EDGE isn’t the only Emirati weapons company, but the conglomerate represents the bulk of the country’s arms industry by volume and illustrates the amorality of its export policy, according to Sam Perlo-Freeman, a researcher with the Campaign Against the Arms Trade, which has advocated for an arms embargo against the UAE. “As a state-owned company, they will be used as an agent of Emirati state policy,” he said. “Arms supplies to allies and proxies across the Middle East, North, and East Africa has been for quite a while a major facet of Emirati state policy.” This has manifested beyond furnishing arms to the RSF, with the UAE arming militaries in Libya, Somalia, and the ongoing genocidal war in Tigray. “There’s very few conflicts in the in the wider region that the UAE haven’t had a hand in, and very often a rather malign hand.”
Reports of EDGE wares winding up in the hands of armed proxies stretches back over a decade.
A 2013 report by the United Nations Security Council found International Golden Group facilitated the import of hundreds of thousands of rounds of ammunition into Libya in violation of a global arms embargo.
In 2019, a report by Arab Reporters for Investigative Journalism found UAE-backed combatants in the ongoing Yemeni civil war armed with pistols manufactured by Caracal, an EDGE subsidiary.
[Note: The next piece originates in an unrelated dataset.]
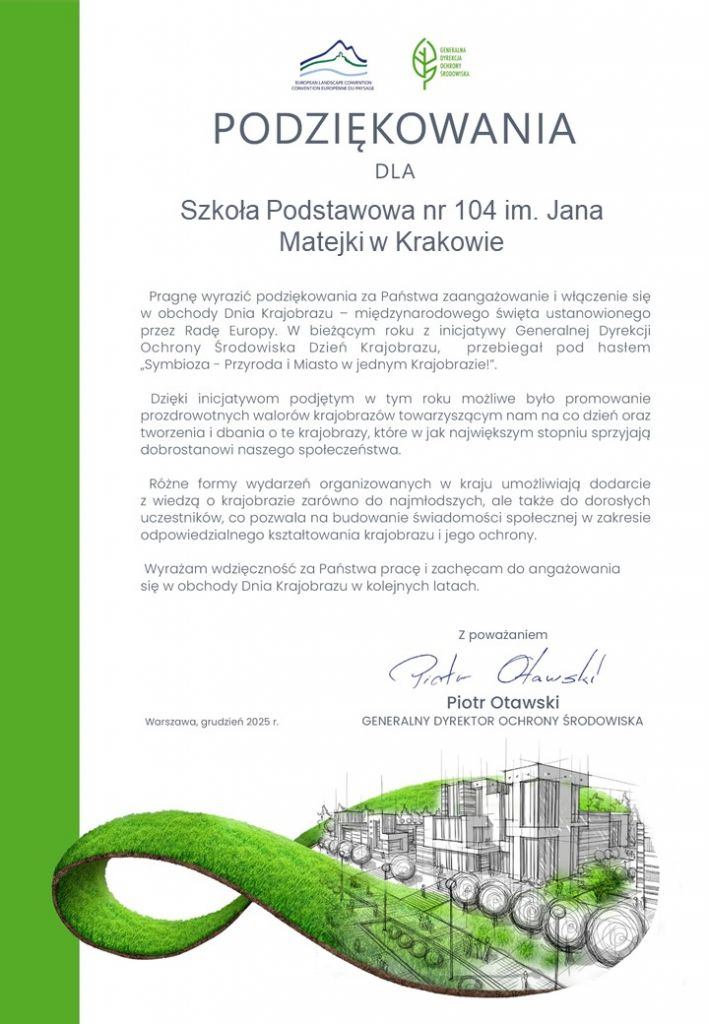 Nasza szkoła z dumą informuje, że otrzymała oficjalne podziękowanie od Generalnego Dyrektora Ochrony Środowiska za aktywny udział w ogólnopolskich obchodach Dnia Krajobrazu 2025, które w tym roku odbywały się pod hasłem „Symbioza – Przyroda i Miasto w jednym krajobrazie”.

As in Sudan, a nominal civil war waged within the Tigray region of Ethiopia was exacerbated by foreign entanglement and a flood of outside weaponry. In 2023, Gerjon’s Aircraft Finds, an aviation analysis Substack, published imagery indicating the import of guided bombs manufactured by Al Tariq, another EDGE subsidiary, for use by the Ethiopian Air Force, responsible for widespread civilian death during the Tigray war.
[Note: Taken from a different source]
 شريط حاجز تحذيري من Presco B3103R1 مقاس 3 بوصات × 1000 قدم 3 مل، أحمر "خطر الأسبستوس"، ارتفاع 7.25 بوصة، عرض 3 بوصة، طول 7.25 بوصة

Anduril, most recently valued by private investors at over $30 billion, has a wide array of weapons in the U.S. and with its allies, including Australia and Taiwan. It works closely with the Department of Defense and has operated surveillance towers along the U.S.–Mexico border for nearly a decade. Its business has surged as it has cast its products as a vital tool in a tech arms race between the West and China, matching the company’s rhetoric positioning it as a lethal bulwark against autocracy.
Luckey has long cast his company as a defender of democracy. “Soldiers who defend western values should all be superheroes with superpowers,” he tweeted in 2019. In an interview that year, Luckey explained backing democratic allies against “rogue nations” around the world: “I like working with the British,” he said. “Everyone’s a little bit different but more or less we all believe in western values and democracy and universal human rights.”
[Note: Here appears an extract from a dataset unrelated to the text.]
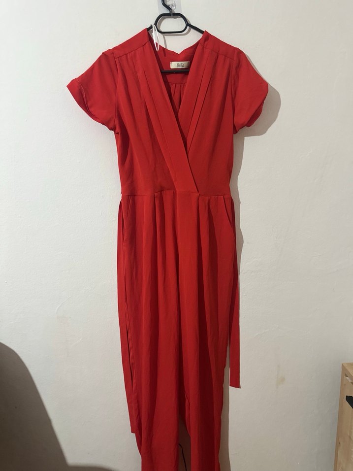 Bu kırmızı renkli kadın tulumu, kısa kollu ve drapeli tasarıma sahiptir. V yaka ve sentetik kumaştan yapılmıştır, romantik akşamlar için uygundur. ❤️

Anduril co-founder Matt Grimm similarly advanced the company’s moral case for an arms race on human rights grounds, describing China in a 2024 interview as the world’s “greatest evil,” denouncing the Chinese state’s “basic approach to human rights.” Grimm added that “I think they’re conducting an ongoing genocide with their Uyghur population, I think their approach to free speech, to political speech, to religious freedom, are fundamentally antithetical to how the West values human life and how we think about human rights.”
“The fact of Anduril saying they’re an arsenal of democracy and partnering with EDGE Group, it’s obviously ridiculous,” said Perlo-Freeman, “but it’s part of the broader picture of Western democracies treating the UAE as a valued partner and ally and shielding them from consequences.”